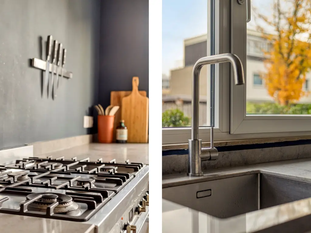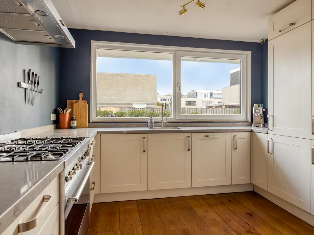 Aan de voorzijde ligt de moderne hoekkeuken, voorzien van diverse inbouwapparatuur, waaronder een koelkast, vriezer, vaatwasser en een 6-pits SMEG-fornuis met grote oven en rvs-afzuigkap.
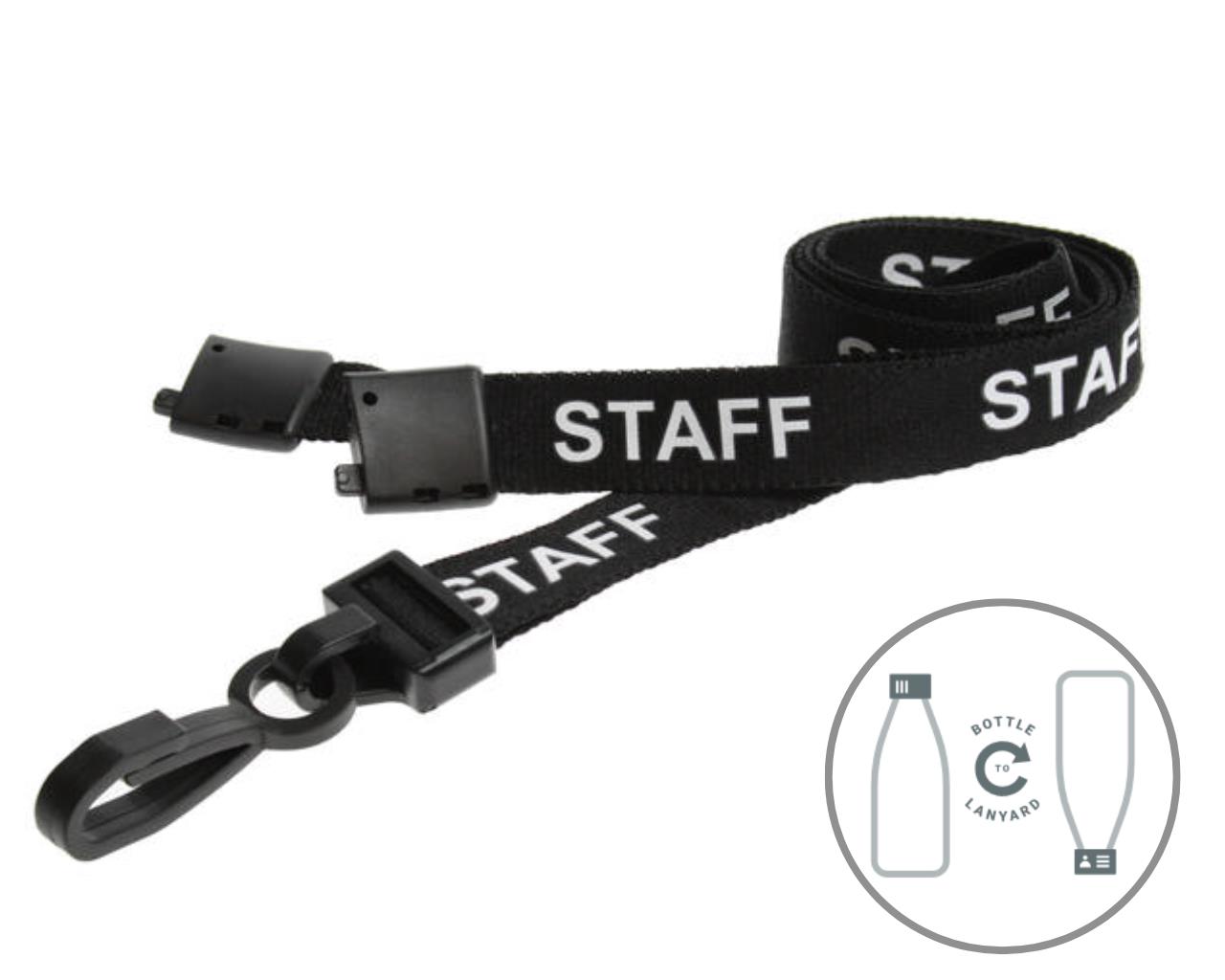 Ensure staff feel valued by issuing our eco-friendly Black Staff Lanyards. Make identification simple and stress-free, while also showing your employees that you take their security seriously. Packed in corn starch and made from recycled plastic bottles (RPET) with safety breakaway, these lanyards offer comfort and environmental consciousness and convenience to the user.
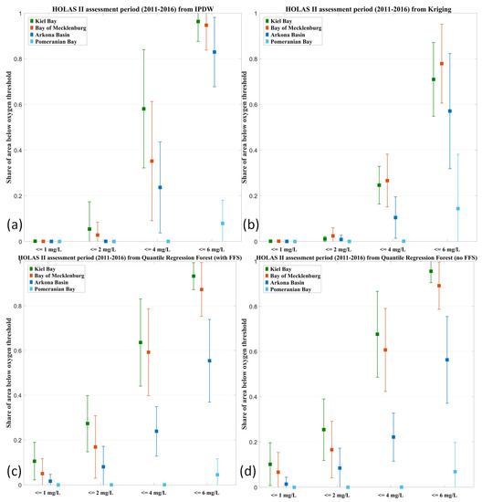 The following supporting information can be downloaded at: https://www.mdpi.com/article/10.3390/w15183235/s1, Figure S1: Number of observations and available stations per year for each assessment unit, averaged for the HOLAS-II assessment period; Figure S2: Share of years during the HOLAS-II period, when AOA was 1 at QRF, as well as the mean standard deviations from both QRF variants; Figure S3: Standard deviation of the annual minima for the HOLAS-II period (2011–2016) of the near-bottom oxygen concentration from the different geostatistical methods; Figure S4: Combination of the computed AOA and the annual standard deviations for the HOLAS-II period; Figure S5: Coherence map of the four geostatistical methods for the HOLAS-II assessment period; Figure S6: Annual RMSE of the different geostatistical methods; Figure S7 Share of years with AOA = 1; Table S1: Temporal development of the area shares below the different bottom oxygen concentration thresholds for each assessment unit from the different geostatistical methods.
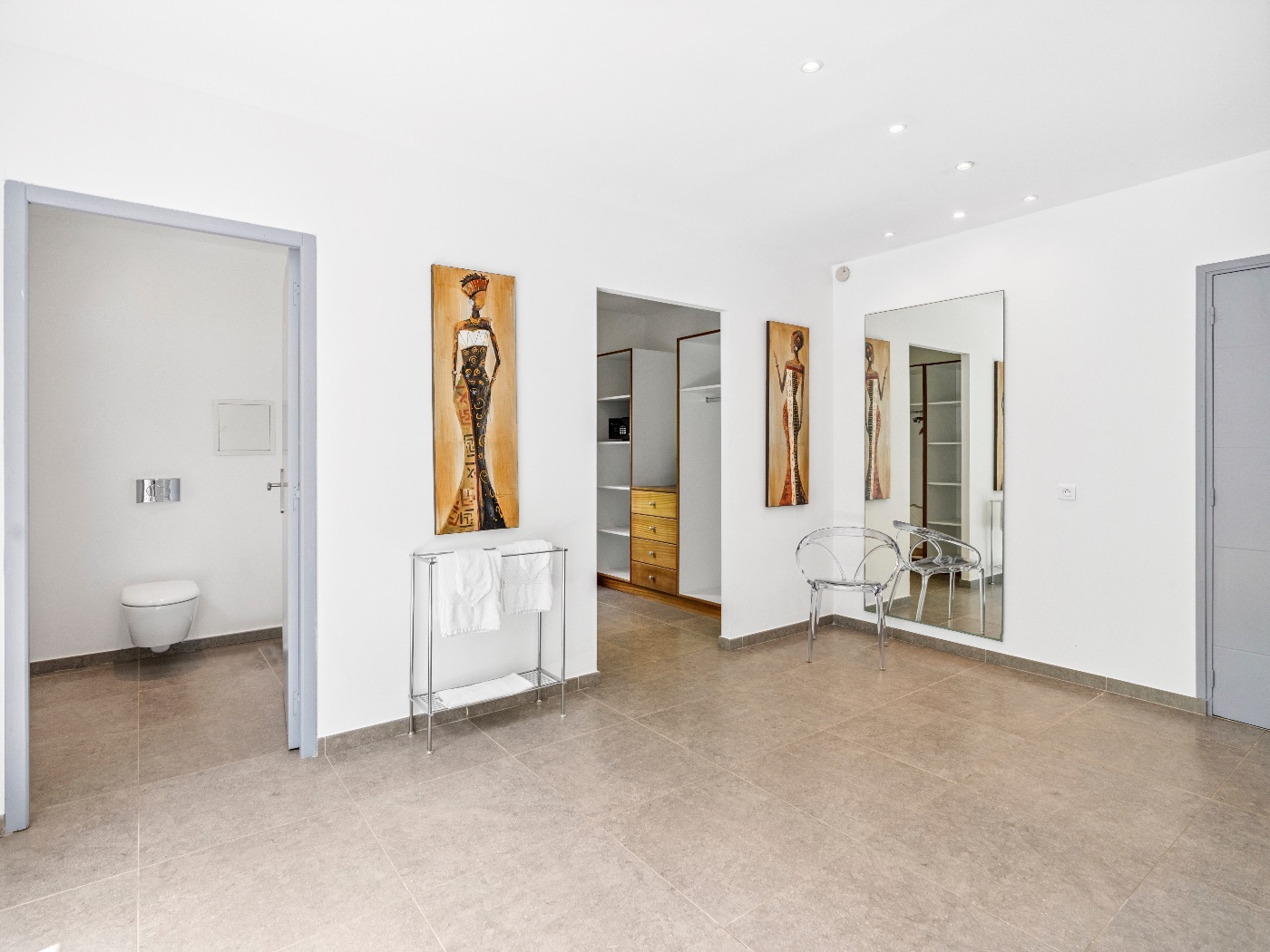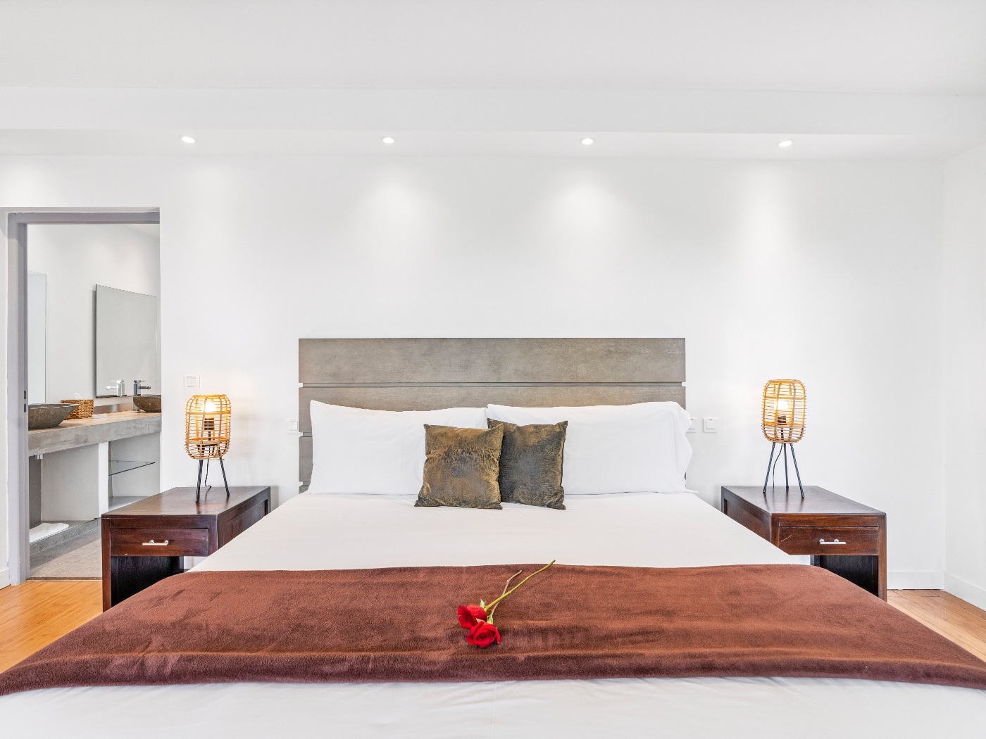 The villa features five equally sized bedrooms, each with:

□ □ □ □ □

What to work on -
What you give back should be exactly the lines from the line holding "The following supporting" through the final line of the material, both ends included, and please leave out the pictures.

Output below -
 The following supporting information can be downloaded at: https://www.mdpi.com/article/10.3390/w15183235/s1, Figure S1: Number of observations and available stations per year for each assessment unit, averaged for the HOLAS-II assessment period; Figure S2: Share of years during the HOLAS-II period, when AOA was 1 at QRF, as well as the mean standard deviations from both QRF variants; Figure S3: Standard deviation of the annual minima for the HOLAS-II period (2011–2016) of the near-bottom oxygen concentration from the different geostatistical methods; Figure S4: Combination of the computed AOA and the annual standard deviations for the HOLAS-II period; Figure S5: Coherence map of the four geostatistical methods for the HOLAS-II assessment period; Figure S6: Annual RMSE of the different geostatistical methods; Figure S7 Share of years with AOA = 1; Table S1: Temporal development of the area shares below the different bottom oxygen concentration thresholds for each assessment unit from the different geostatistical methods.
 The villa features five equally sized bedrooms, each with:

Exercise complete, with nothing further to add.